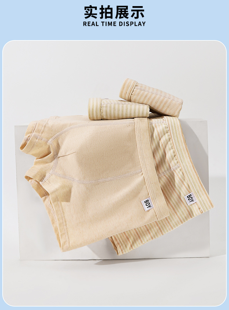 2025 새로운 천연 컬러 원사 면 소년 복서 중학생 중대형 어린이 복서 팬티 어린이 속옷 남성 청소년스토어 가기
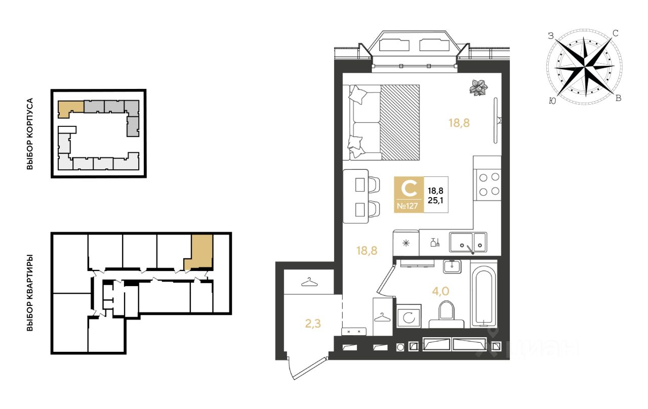 Продаётся студия в строящемся доме (Литер 1), срок сдачи: II-кв. 2028, общей площадью 25.1 кв.м., на 14 этаже. Новый жилой комплекс "Самолёт-7" от застройщика "DOGMA" расположен по адресу Краснодарский край, Город Краснодар.
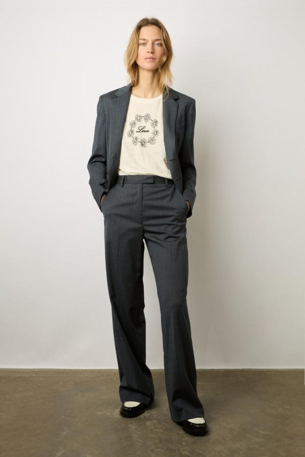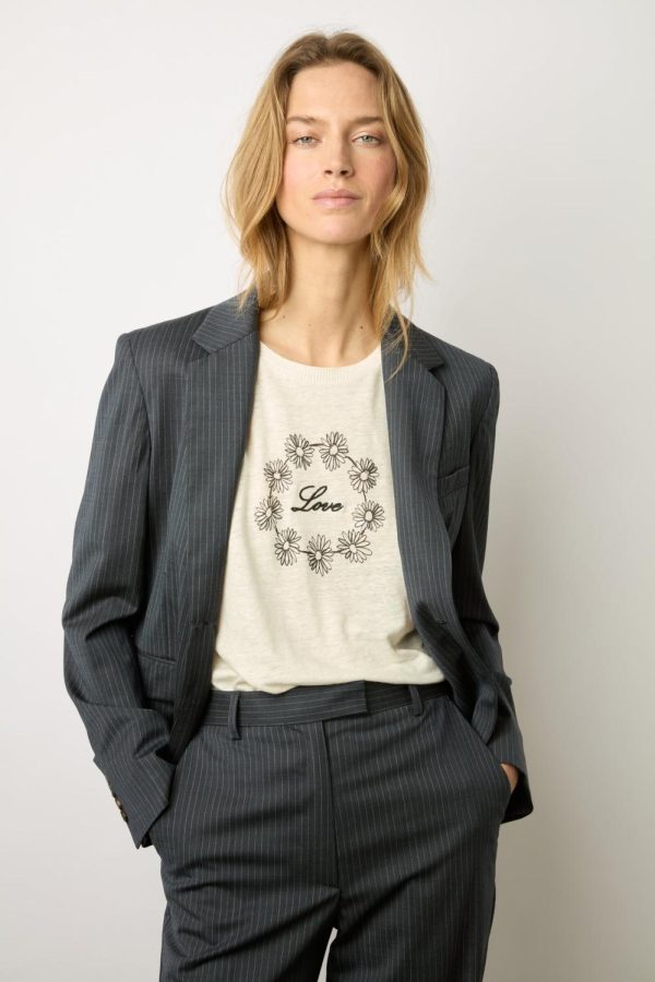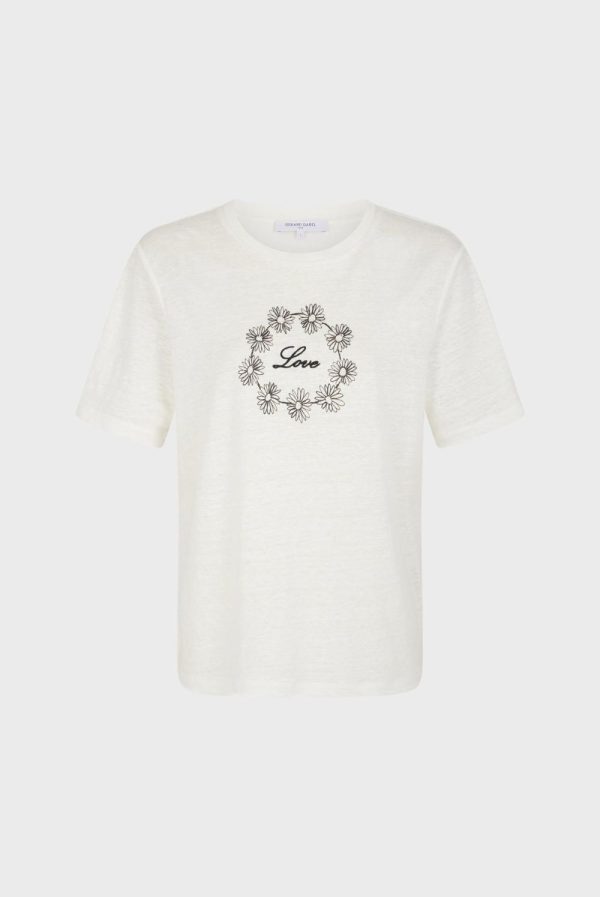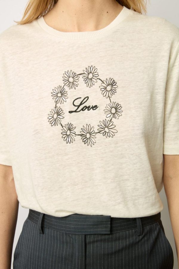 T-shirt en 100% lin orné d’une sérigraphie de marguerites et du mot LOVE brodé.

_Task objective_: Retype all the data exactly. Omit pictures.

_Answer for the task_:
 2025 새로운 천연 컬러 원사 면 소년 복서 중학생 중대형 어린이 복서 팬티 어린이 속옷 남성 청소년스토어 가기
 Продаётся студия в строящемся доме (Литер 1), срок сдачи: II-кв. 2028, общей площадью 25.1 кв.м., на 14 этаже. Новый жилой комплекс "Самолёт-7" от застройщика "DOGMA" расположен по адресу Краснодарский край, Город Краснодар.
 T-shirt en 100% lin orné d’une sérigraphie de marguerites et du mot LOVE brodé.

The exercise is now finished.